Announce: Graphics Muse Tools V3.0.0B1 - ported to GIMP 2.2.3

I spent last week porting the Graphics Muse Tools to GIMP 2.2.3. All the C plugins work pretty much as with GIMP 1.2 though there are a few minor functional bugs (see the bug page on the web site). There shouldn't be any crashes - at least none that I know of.

I also cleaned out the old gimppreview that I had been using. I now use GdkPixbuf's along with Gimp's builtin thumbnail function that returns a pixbuf. That means GFXLayers is much less weighty - no more carrying around a ton of widgets for the previews. GFXTrans also benefited from this.

I still have to pull out the deprecated features of both GIMP and GTK+, however, which is why this is a Beta release.

If anyone wants to try these, you can pull the source code tarball from the web site or check it out of CVS. Source should build on Unix/Linux boxes (but I've only tried it on Linux). I don't have a clue how to build this for Windows or MacOS X (though I'd love to try the latter). http://www.ximba.org/gfxmuse/download.html

Please let me know if you try them and most especially if you find bugs. If you can, please log the bugs in the bug db on the web site.

FYI: these are no longer shareware, they are open source. If anyone wants to work on these just drop me an email and I'll set you up an account on CVS.

Joao S. O. Bueno Calligaris
2005-01-31 17:17:37 UTC (about 19 years ago)

Announce: Graphics Muse Tools V3.0.0B1 - ported to GIMP 2.2.3

Hi!

I will take a look later at them.

I went to the site, and did not find easily a description of what the plug-ins do (althoug I am in a hurry). Can you give us a url?

And...my most profound thank you for converting your shareware into an Open Source application. Really, really really!

Regards,

JS ->

On Monday 31 January 2005 14:04, Michael J. Hammel wrote:

I spent last week porting the Graphics Muse Tools to GIMP 2.2.3. All the C plugins work pretty much as with GIMP 1.2 though there are a few minor functional bugs (see the bug page on the web site). There shouldn't be any crashes - at least none that I know of.

I also cleaned out the old gimppreview that I had been using. I now use GdkPixbuf's along with Gimp's builtin thumbnail function that returns a pixbuf. That means GFXLayers is much less weighty - no more carrying around a ton of widgets for the previews. GFXTrans also benefited from this.

I still have to pull out the deprecated features of both GIMP and GTK+, however, which is why this is a Beta release.

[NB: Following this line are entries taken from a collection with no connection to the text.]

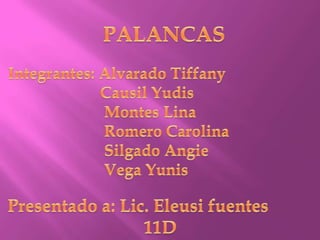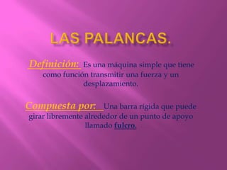 La palanca es una máquina simple compuesta por una barra rígida que gira alrededor de un punto de apoyo llamado fulcro. Actúan sobre la palanca tres fuerzas: la potencia, la resistencia y la fuerza de apoyo. La ley de la palanca establece que la potencia multiplicada por su brazo es igual a la resistencia multiplicada por su brazo. Las palancas se dividen en tres clases dependiendo de la posición relativa de la potencia y la resistencia con respecto al fulcro.
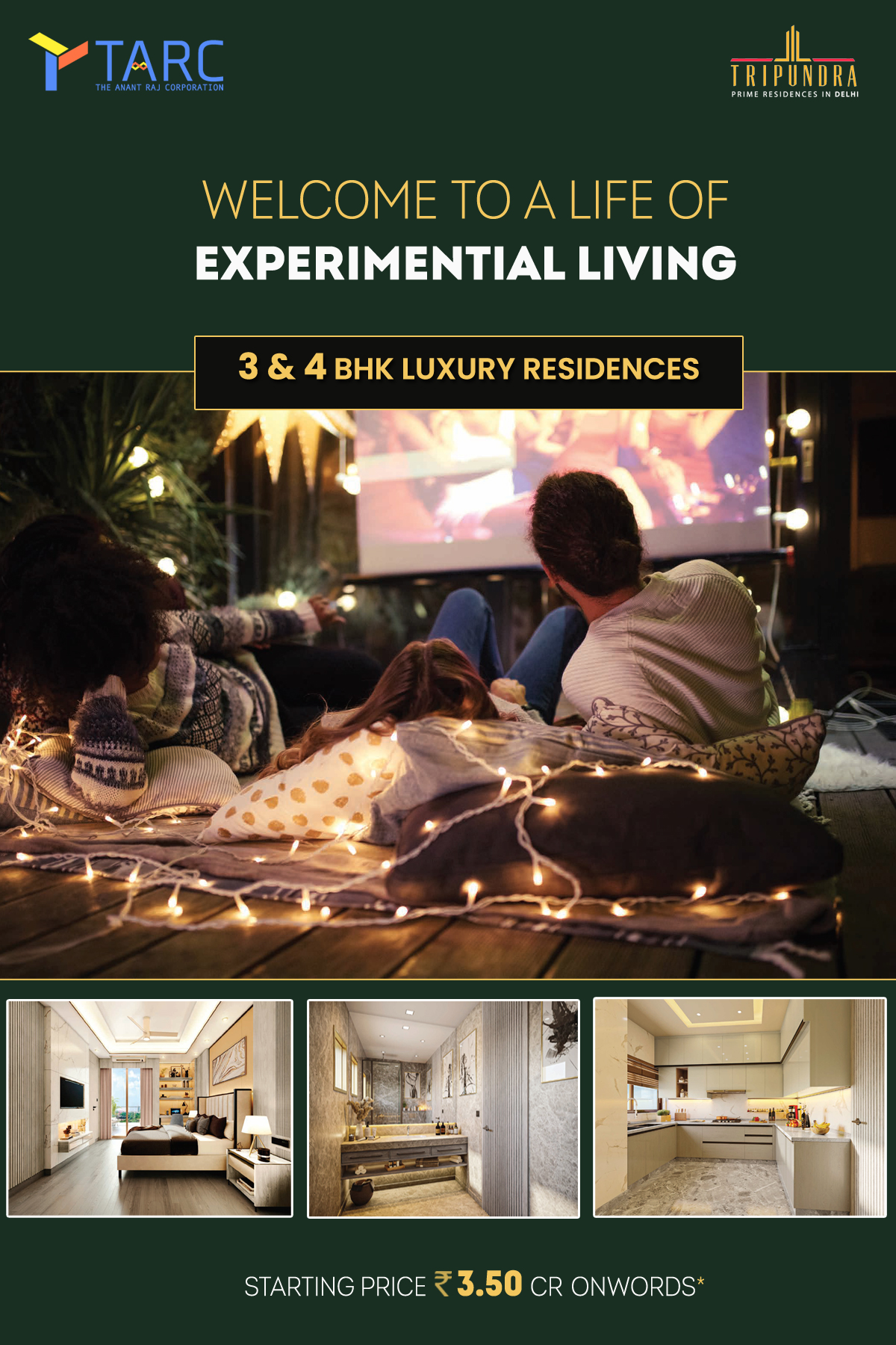 The pristine development of Tarc Tripundra New Delhi spreads across delightful land parcels and offers a charming variety of 3BHK & 4BHK luxury residences that vary in their size. The homes are stylized into majestic towers that glorify the city's skyline. The campus has open spaces that let you socialize with friends and family and also keep your lungs healthy.
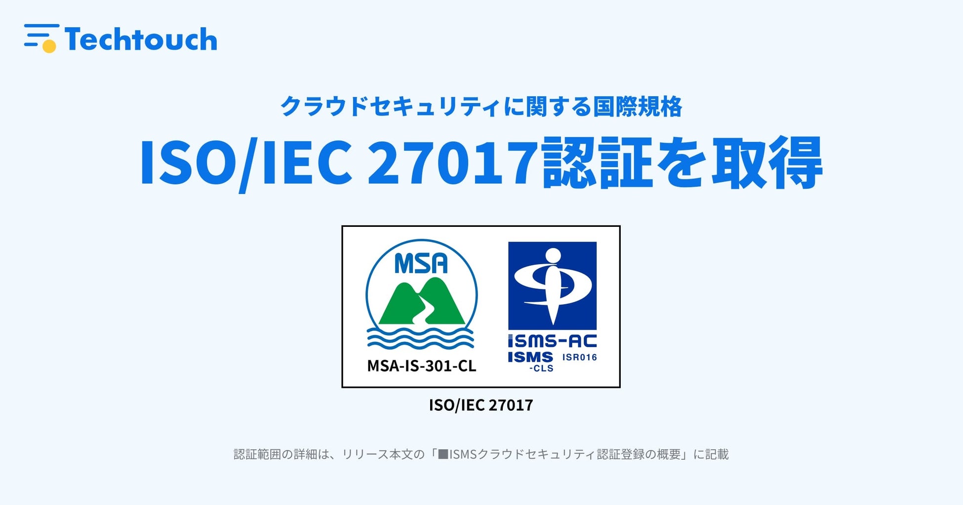 「テックタッチ」、クラウドセキュリティの国際規格「ISO/IEC 27017」認証を取得
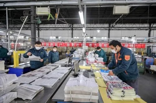 在位于滬太路的報(bào)刊處理場地,郵政工作人員將試點(diǎn)地鐵運(yùn)快遞業(yè)務(wù)的報(bào)刊雜志用統(tǒng)一郵袋封裝后,運(yùn)輸至延長路地鐵站 許雨舟 攝(下同)
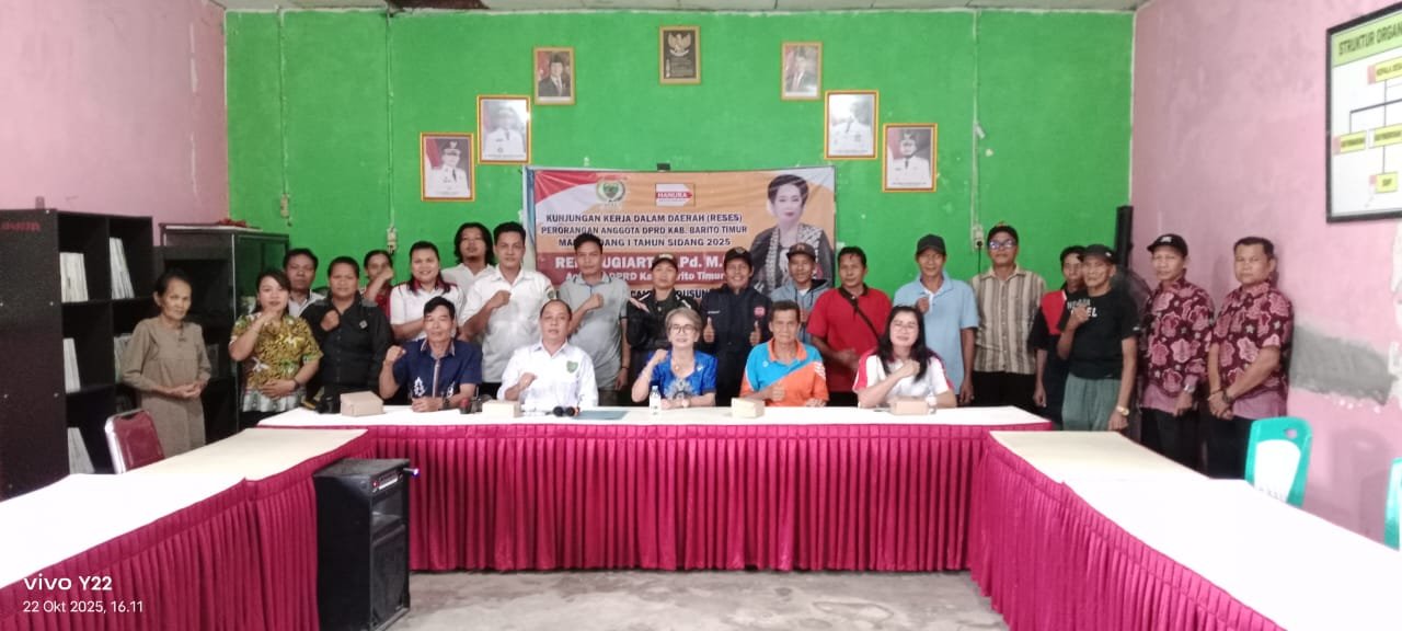 ASPIRASINEWS, Barito Timur – Anggota DPRD Kabupaten Barito Timur, Reni Sugiarti, S.Pd., M.M, melaksanakan kegiatan Reses di Desa Gumpa, Kecamatan Dusun Timur, pada Kamis (23/10/2025). Kegiatan tersebut dihadiri oleh Badan Permusyawaratan Desa (BPD), aparat desa, tokoh agama, tokoh masyarakat, tokoh adat, ketua RT, serta masyarakat setempat.

If anyone wants to try these, you can pull the source code tarball from the web site or check it out of CVS. Source should build on Unix/Linux boxes (but I've only tried it on Linux). I don't have a clue how to build this for Windows or MacOS X (though I'd love to try the latter). http://www.ximba.org/gfxmuse/download.html

Please let me know if you try them and most especially if you find bugs. If you can, please log the bugs in the bug db on the web site.

FYI: these are no longer shareware, they are open source. If anyone wants to work on these just drop me an email and I'll set you up an account on CVS.

Michael J. Hammel
2005-01-31 21:35:54 UTC (about 19 years ago)

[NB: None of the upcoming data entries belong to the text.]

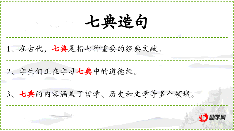 1. 【七典】 七部儒家经典『代提倡"孝治",宣扬宗法封建思想,贵族子弟先授《论语》﹑《孝径》,连同《诗》﹑《书》﹑《礼》﹑《易》﹑《春秋》五经,合称七经或七典。
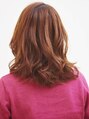 伸ばしかけなどですこし飽きてなーと思っている時にオススメします♪ 毛先にパーマをかけるとかわいさUPします♪ 斜めバング、センターパート、かき上げバング☆ カラーは、オレンジブラウンでツヤを出しています♪ [小岩]
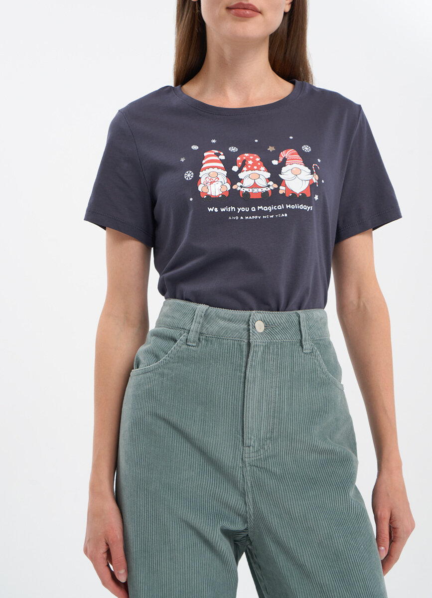 Футболка для женщин, FUNDAY, VTW5B9F16-68, темно-синий, S (RU 44)
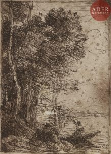 Jean-Baptiste-Camille COROT - Souvenir de Fampoux. 1854. Cliché-verre. 90 x 65. Delteil 40. Belle épreuve d’ancien tirage en brun. Petit arrachement dans le sujet. Petites rousseurs claires éparses. (Ce sujet ne figure pas dans les retirages...
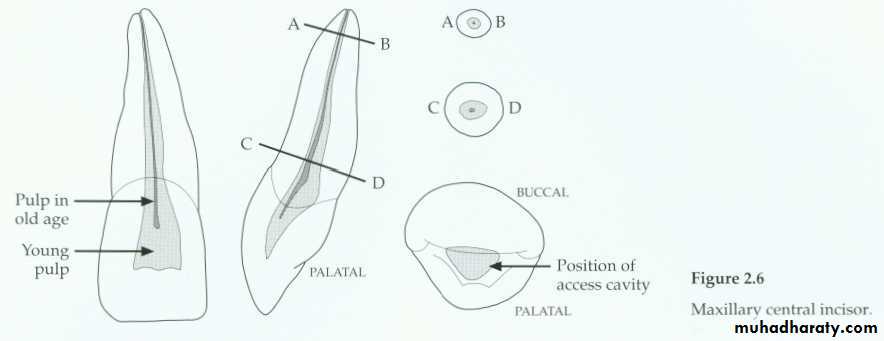 Oval at cervical area, round apicallyPulp chamber: Tend to be gradually merging to root canal, smaller than that for max. central.Average length 23mm
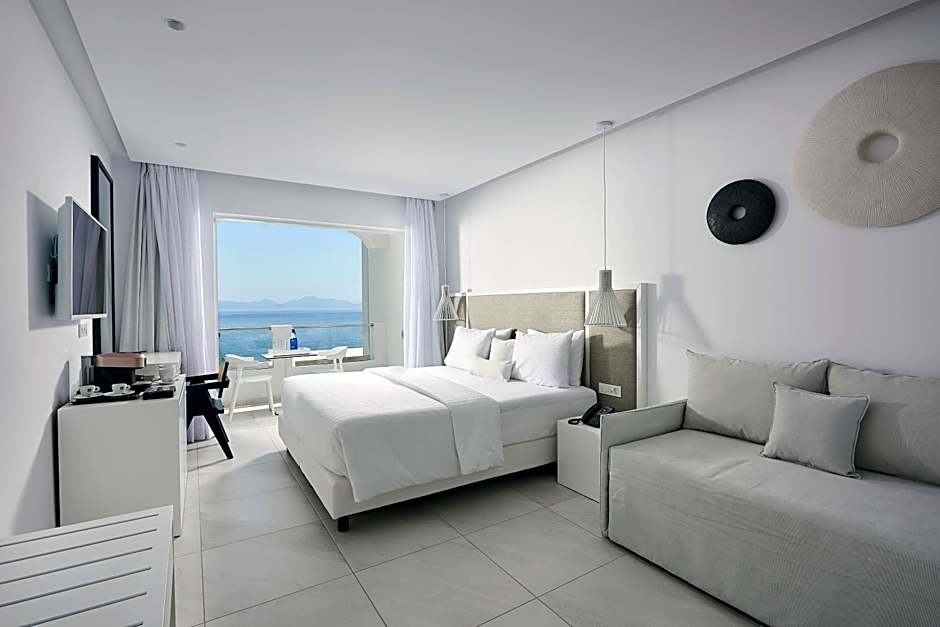 This suite overlooks the Aegean Sea and the pool from its balcony or terrace. It includes:
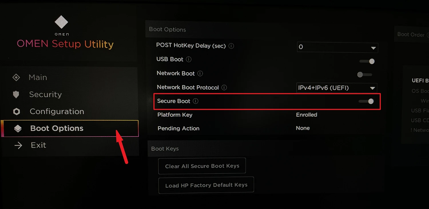 Step 9: In the BIOS settings, navigate to the 'Boot Options' tab. Locate the 'Secure Boot' option and set it to 'Enabled' or 'On'.
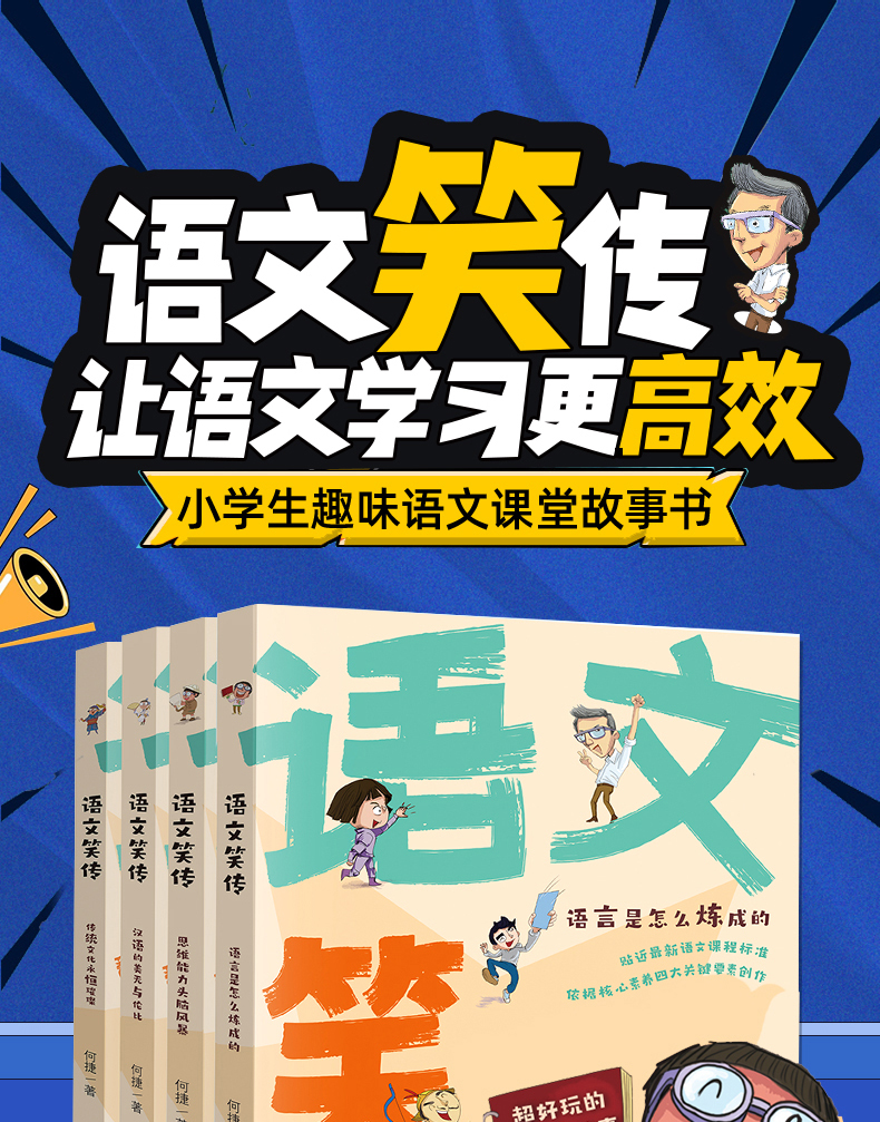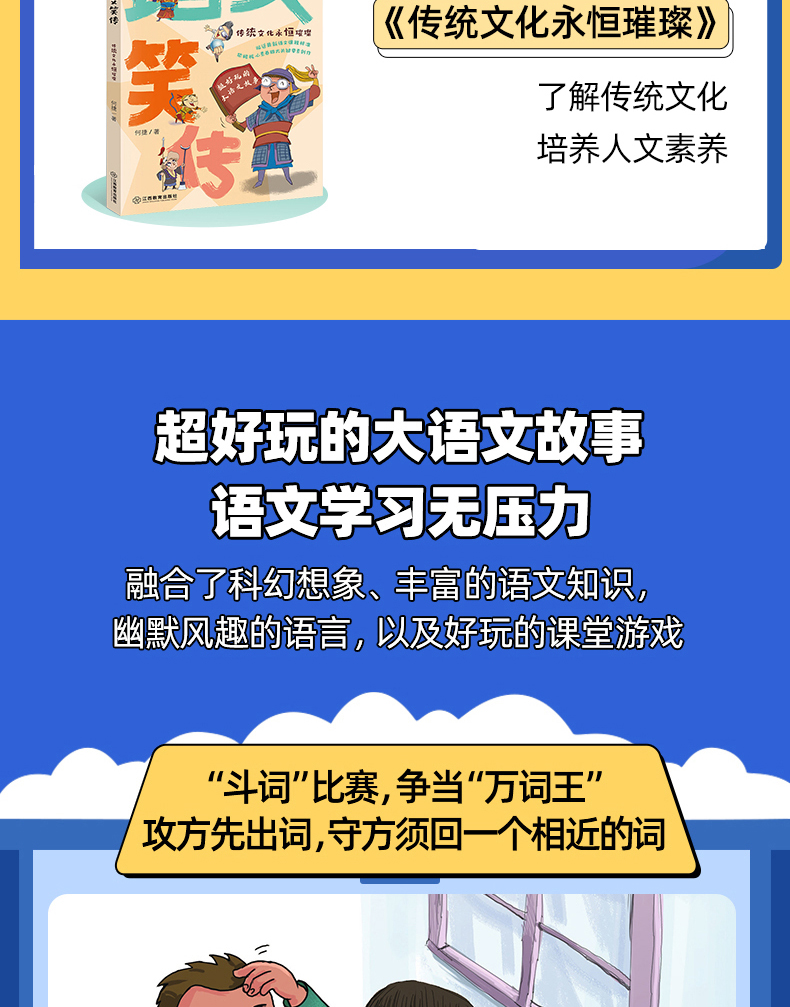 《语文笑传》是一套前所未有的爆笑语文课堂故事书,本书以独具一格的方式呈现了与众不同的语文课堂故事,融合了科幻想象、丰富的语文知识,以及作者幽默风趣的语言,是一本十分符合小学生阅读趣味的故事书。

Announce: Graphics Muse Tools V3.0.0B1 - ported to GIMP 2.2.3

On Mon, 31 Jan 2005 14:17:37 -0200, Joao S. O. Bueno Calligaris wrote:

I went to the site, and did not find easily a description of what the plug-ins do (althoug I am in a hurry). Can you give us a url?

http://www.ximba.org/gfxmuse/gfxmuse.html

Links to the download page, wiki, etc. are in the upper right corner. I tested the web site design under Firefox and IE (don't remember which version, but it was on WinXP). It might have problems rendering correctly under other browsers, though I tried to make it W3C compliant to some extent (probably got a few pages still to debug).

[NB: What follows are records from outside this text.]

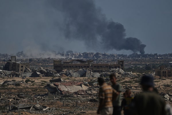 Smoke rises after an Israeli strike in Gaza City on Thursday.Abdel Kareem Hana/The Associated Press
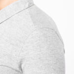 100% coton peigné (French Navy Heather : 80% coton / 20% polyester – Grey Heather : 65% polyester / 35% coton- Oxford Grey : 90% coton / 10% viscose). Maille jersey. Col chemise. Patte de boutonnage col 4 boutons métal. Empiècement épaule. Finition bord-côte au bas de manches. Double aiguille bas de vêtement.
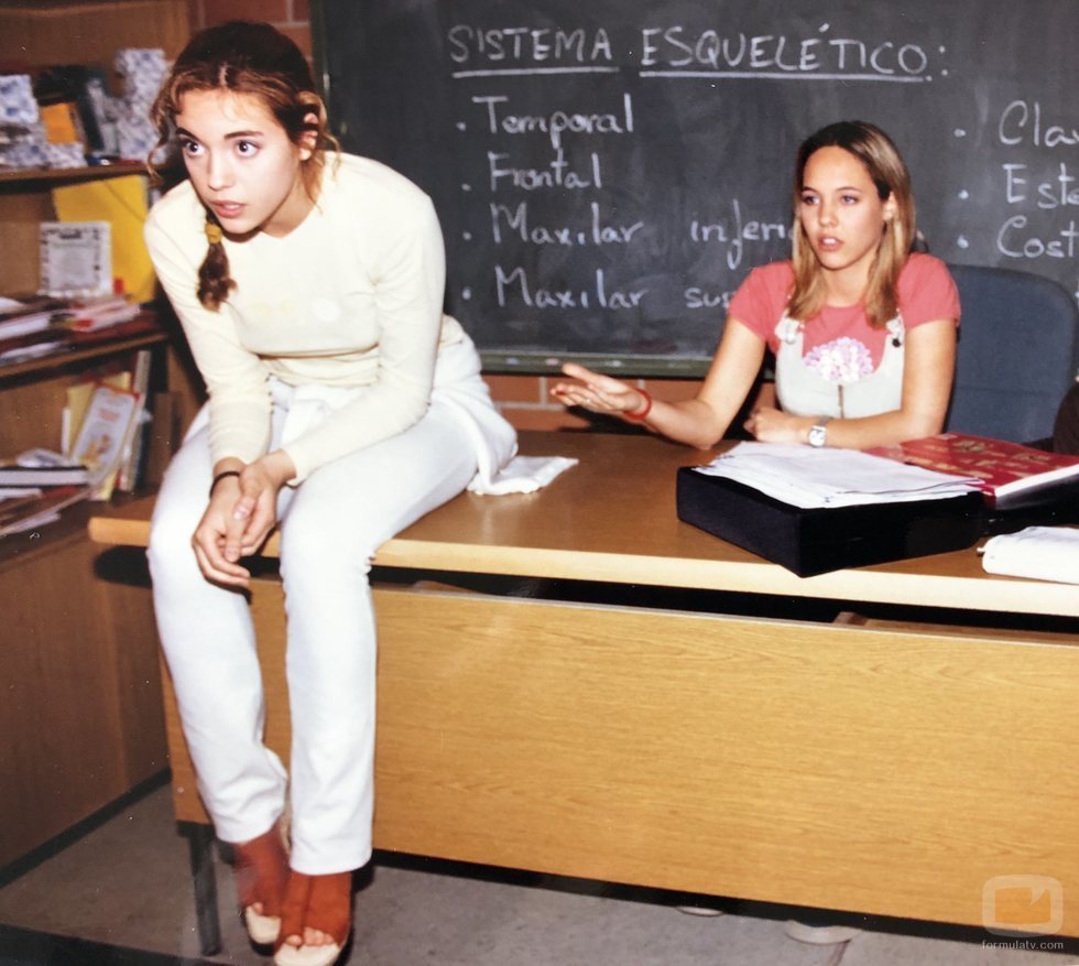 Las actrices, que interpretaban a Mercedes y Sara, durante el rodaje de una secuencia en el ficticio Colegio Azcona.

The plug-in most asked for is GFXArrows, which draws arrows in varying shapes. Who'dda thought that one would be the popular one?

The one I think is most useful is GFXLayers. It allows you to visually align layers in all sorts of ways, interactively, using thumbnails of the layers. It's not the best UI design, but it works well. Maybe if I get some feedback on the problems with the UI I'll be able to make it easier to use.

GFXShapes needs thumbnail support. I need to add GdkPixbuf support to it for showing the page preview layout, similar to the way GFXLayers lets you drag layer previews around the page. It probably needs a way to easily add new, prebuilt shapes. GFXShapes was my answer to the common question "How do you draw simple shapes?" GFig is the normal tool for this, but I guess some people find it daunting to use. It's not *that* hard. :-)

GFXTrans is best for doing multiple rotations for animations. The builtin rotation transform for GIMP is better for simple layer rotations.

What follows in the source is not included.